Mildred is Guy's wife. Unlike her husband, Mildred is fully compliant with the society in which
she lives: she spends most of her time watching television and in particular “the family”, a
program with which the viewer can interact, creating a bond of participation and common
harmony. She is a superficial woman tied to material goods, used to achieve only temporary
pleasure: she even sleeps with radio receivers in her ears to listen to music continuously.
Mildred takes sleep medications, to the point that she sometimes overdoes it and passes out,
alarming Guy. When Montag brings the books into the house, Mildred fails to understand their
value. Afraid of the consequences that could happen if her husband were found in
possession of books, she is the one who reports him to the fire brigade.

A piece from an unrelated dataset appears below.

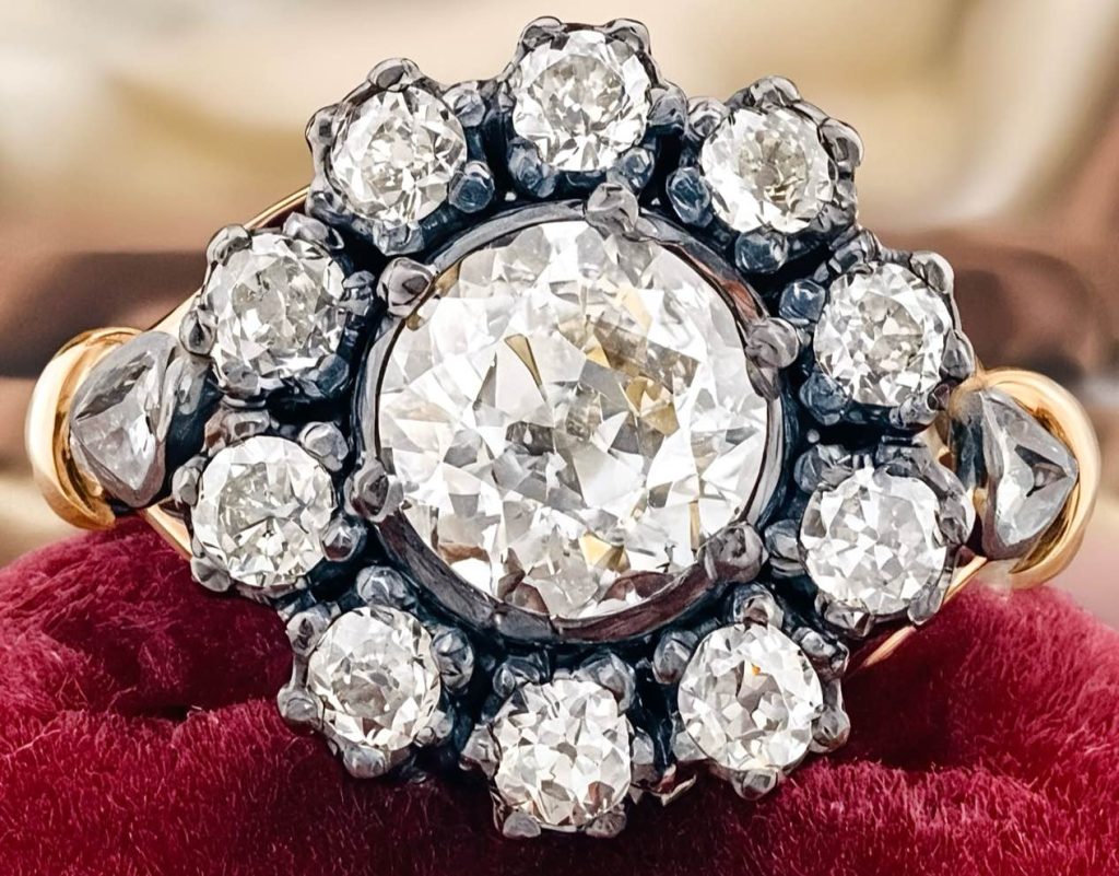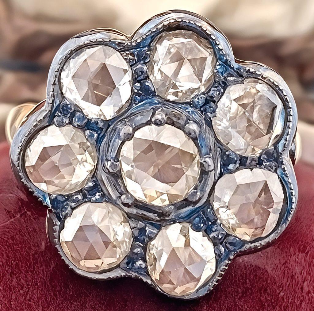Anello antico vittoriano periodo fine 1800 in oro giallo 18 kt e argento.

Faber is an elderly professor forced by the new society to leave his job. Faber undergoes a
measure aimed at preventing the spread of culture, considered an evil for the population,
which they want to keep in ignorance. Faber is a lover of literature and deeply believes that
books are very useful tools for forming the culture of readers, but at the same time he claims
the possibility of interrupting and forgetting them, unlike the suffering of men which cannot be
forgotten. In the novel he becomes friend and helper of Montag: he helps him to understand
the real meaning of the books, as well as the defects and absurdities of that world,
transmitting to him new ideals of life.

Beatty is the captain of the fire brigade. He trusts Montag and his abilities to do his job. He
soon realizes the change that the protagonist is undergoing, because all the firefighters in
their career have a moment of hesitation and doubts. For this reason he tries to convince him
to return to the right path and to follow the values of the society in which they live. He shows
Montag the true happiness that is not found in books, but which must be enjoyed in practical
life, making use of the goods that surround him; He urges him not to listen to Clarisse's
words, but to keep anchored to material life, to superficiality. In his speeches he appears very
persuasive and consistent with his principles.